Во французской стороне
На чужой планете
Предстоит учиться мне
В университете.
До чего тоскую я —
Не сказать словами.
Плачьте ж, милые друзья,
Горькими слезами.
На прощание пожмем
Мы друг другу руки
И покинет отчий дом
Мученик науки.
Вот стою, держу весло —
Через миг отчалю,
Сердце бедное свело
Скорбью и печалью.
Тихо плещется вода,
Голубая лента,
Вспоминайте иногда
Вашего студента.
Ну, так будьте же всегда
Живы и здоровы,
Верю, день придет, когда
Свидимся мы снова.
Всех вас вместе соберу,
Если на чужбине
Я случайно не помру
От своей латыни.
Если не сведут с ума
Римляне и греки,
Сочинившие тома
Для библиотеки.
Если те профессора,
Что студентов учат
Горемыку школяра
Насмерть не замучат.
Если насмерть не упьюсь
На хмельной пирушке —
Обязательно вернусь
К вам, друзья, подружки!
— Вот такая вот песня, — улыбнувшись, и будто извиняясь, проговорил менестрель и опустил глаза.
Матушка неодобрительно поджала губы.
— Эту песню написали вы? — спросила она со строгой неприязненностью.
— Нет, мадам. Это — старая песня. Она называется «Прощание со Швабией», и я прочел ее в песеннике «Кармина Бурана», составленном вагантами>{5}.
— Так вот, — продолжила начатый ею рассказ матушка, — к счастью, другой мой сын — Салентин — не пошел по пути Вилли и в прошлом, 1395 году уехал в Пруссию. Он готовится стать рыцарем в ордене Святой Девы Марии Тевтонской.

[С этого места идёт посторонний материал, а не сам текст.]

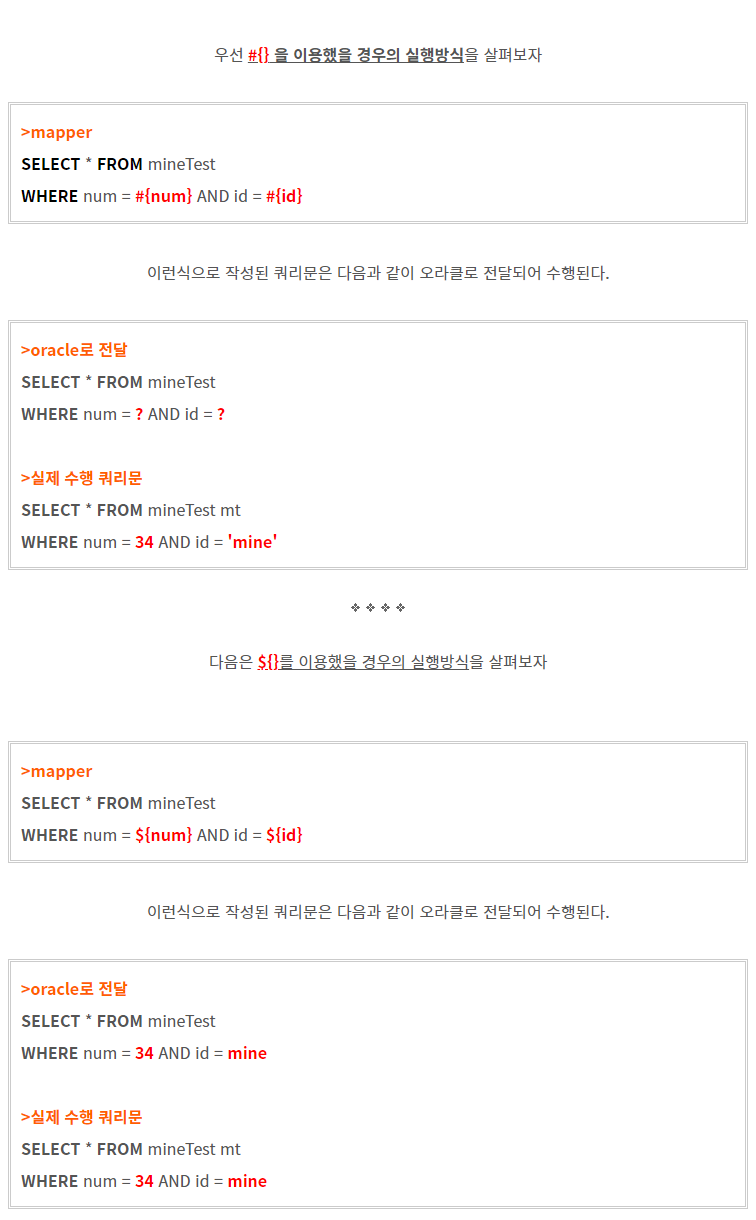 ※ 필요한 때가 아니면 # { } 을 쓰는 게 효율적인 측면이나 보안 측면에서 더 유리

Волькенштейн согнал улыбку с лица и с видом озабоченным и хмурым, так же понимающе, кивнул снова. Это означало, что он бывал и там, и житье рыцарей в Пруссии, не столь беззаботное и веселое, как у школяров Латинского квартала, тоже знакомо ему не понаслышке.
— И вот, — матушка кивнула в мою сторону, — мой самый маленький — Ханс. — При слове «маленький» она улыбнулась, а я смутился еще больше.
— Вы богатая женщина, мадам, — вступил в разговор Волькенштейн. — Все ваши сыновья служат и учатся, как и пристало благородным рыцарям. Ну, а что касается Иоганна — о, как я был благодарен за этого «Иоганна»! — то сам Бог предопределил ему путь крестоносца.
Матушке это явно не понравилось.
— Почему же, господин фон Волькенштейн? — спросила она сухо.
— Охотно отвечу, мадам. Ваш старший сын унаследовал не только место маршала при дворе, но и в свое время станет единственным законным хозяином замка Шильтберг и всех иных владений и угодий, принадлежащих вашей семье. Судьба двух других сыновей в их собственных руках: один будет служить пером, другой — мечом. А вот Иоганну придется заботиться о себе самому.
— Я уверена, что Герлах никогда не оставит Ханса, — чуть обиженно проговорила матушка.